ABSTRACT

CORRESPONDING AUTHOR:
Dr. Akshara Gupta,
Sharad Kunj, Opposite Madhav Dispensary,
Hospital Road, Lashkar,
Gwalior-474009, M P.
E-mail: aksharagupta007@gmail.com

ABSTRACT: AIMS AND OBJECTIVE: To compare the role of sonourethrography (SUG) and retro-grade urethrography (RGU) in detection of urethral strictures. MATERIALS AND METHODS: This study was done in the Department of Radiodiagnosis and Surgery, G R Medical College, Gwalior between September 2012 & September 2013. 80 male patients between age group 10 to 70 years with symptoms of lower urinary tract obstruction underwent RGU followed by SUG. Patients having urethral pathologies other than stricture were excluded from the study. The findings of SUG and RGU were compared with each other and per operatively and results analyzed. RESULTS: Out of the 80 patients taken into study, 60 were diagnosed as having urethral stricture. The most common site of stricture was bulbar urethra (53.3%) followed by penile (33.3%) & diffuse (13.3%) on SUG. 29,25 and 6 cases had short segment (< 2 cm), intermediate (2-4 cm) and long stricture (> 4 cm) on SUG as compared to 33, 21 and 4 cases on RGU. SUG had sensitivity and specificity of 96.5% and 96.7% respectively while RGU had sensitivity and specificity of 90% and 78%. For stricture thickness of <4mm, SUG had sensitivity and specificity of 97% and 86%. CONCLUSION: Thus we conclude that SUG is more sensitive and specific in diagnosing the length, site and thickness of urethral stricture as compared to RGU. Hence, we recommend the use of sonourethrography with greater frequency for pre-surgical assessment of urethral strictures in men.

KEYWORDS: Stricture, urethra, ultrasonography.

INTRODUCTION: Abnormality of male anterior urethra is a common pathology. Various abnormalities of anterior urethra include stricture, trauma, foreign body, calculus, tumor and diverticula. Among these, strictures are very common and may be congenital or acquired in origin. Acquired strictures are mostly due to iatrogenic causes and occur secondary to catheterization, trauma and dilatation of urethra.

Urethral stricture is a common problem in Indian patients. Mostly it is diagnosed by retrograde urethrography. Recently sonourethrography has been used to diagnose urethral stricture after saline instillation in urethra. Sonourethrography has been shown to be more accurate, sensitive and specific for the diagnosis and assessment of penile and bulbar urethral strictures in male urethra compared to conventional retrograde urethrography.^[1] Sonourethrograms involve no ionizing radiation and have potential to detect spongiofibrosis and other periurethral abnormalities invisible on radiographic urethrograms. In conventional retrograde urethrography, site, diameter and stricture length are underestimated due to technical factors like magnification factor and patient position.^[2]

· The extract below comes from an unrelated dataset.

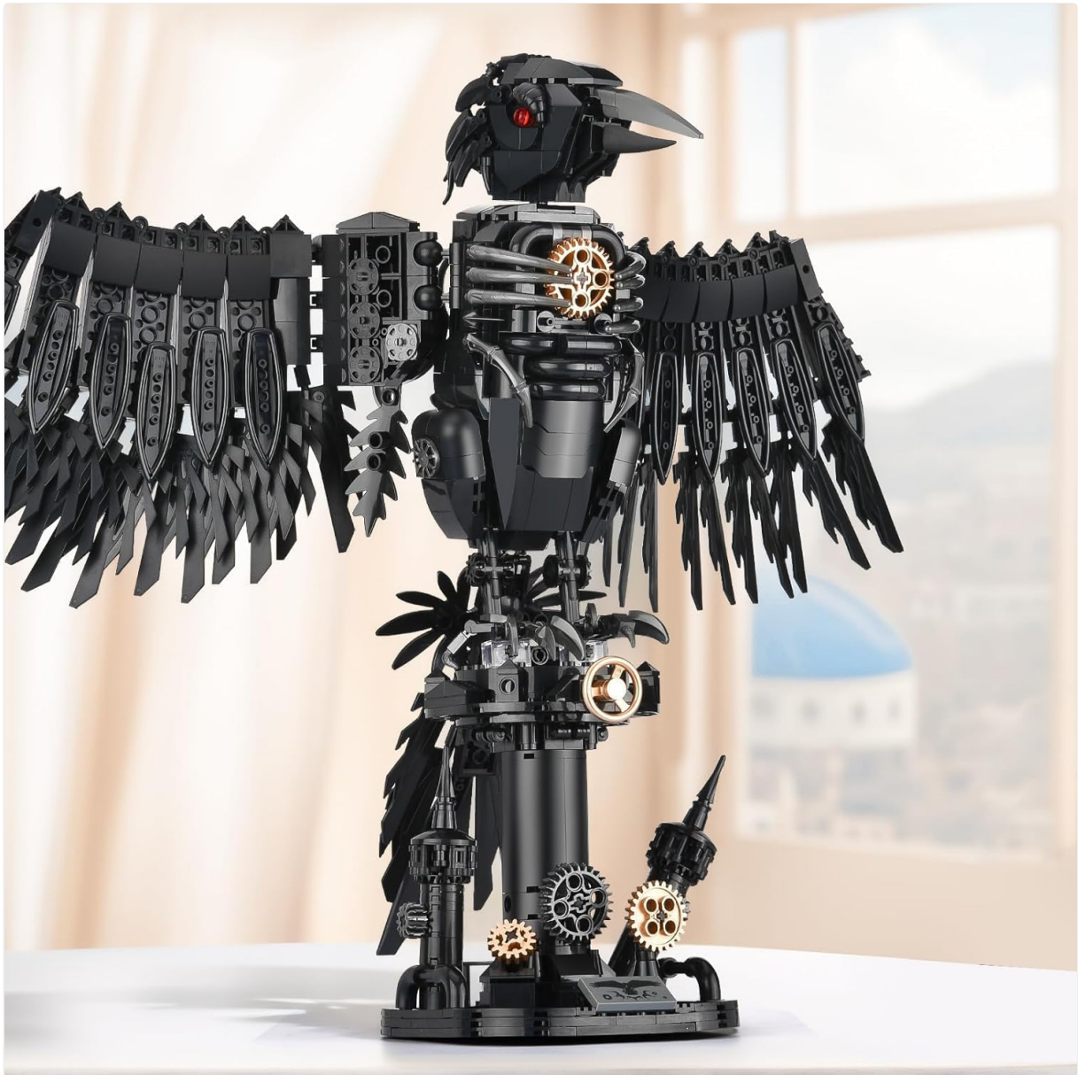
Figure 5.1: The crow model displayed as a decorative item.

Your browser does not support the video tag.

Materials and Methods: This prospective study was carried out in Department of Radiodiagnosis and Surgery, Gajra Raja Medical College & Jaya Arogya Hospital, Gwalior from September 2012 to September2013. A total of 80 patients attending surgery OPD in age group 10 to 70 years with complaints suggestive of lower urinary symptoms were studied and 20 patients out of them having urethral pathologies other than stricture were excluded from the study.

                In all the patients, retrograde urethrography using 300 mA Allengers conventional X-ray machine in a standard way was done initially. The RGU films were evaluated for stricture site, number, and presence of false tract, filling defects or diverticula. Stricture length was determined by direct measurement.

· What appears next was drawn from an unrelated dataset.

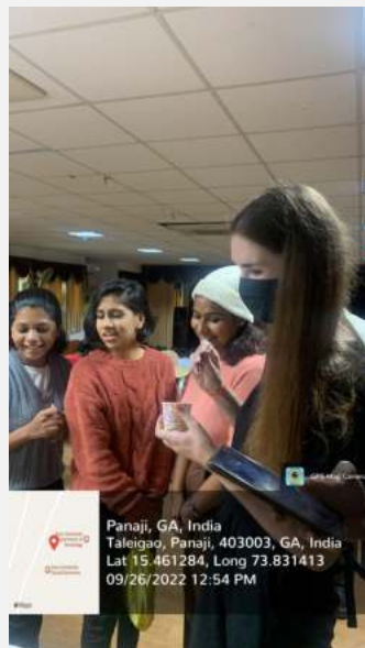
Photo 12: Faculty Tasting the dishes

                Subsequently they underwent sonourethrography on ALOKA SSD 4000 with linear array 7.5 MHz after saline instillation into the urethra. Upon scanning, urethra was distended and appeared as homogenous echofree band with posterior acoustic enhancement and reflection from tunica albugenia. Strictures were located as segment of reduced distensibility on injection of saline. The stricture length was assessed with electronic callipers method. The thickness of the stricture, indicated by spongiofibrosis, was also assessed by degree of echogenicity and thickness of corpus spongiosum.

                The parameters studied by RGU and SUG were compared with intraoperative findings as gold standard. The degree of spongiofibrosis was also assessed intraoperatively.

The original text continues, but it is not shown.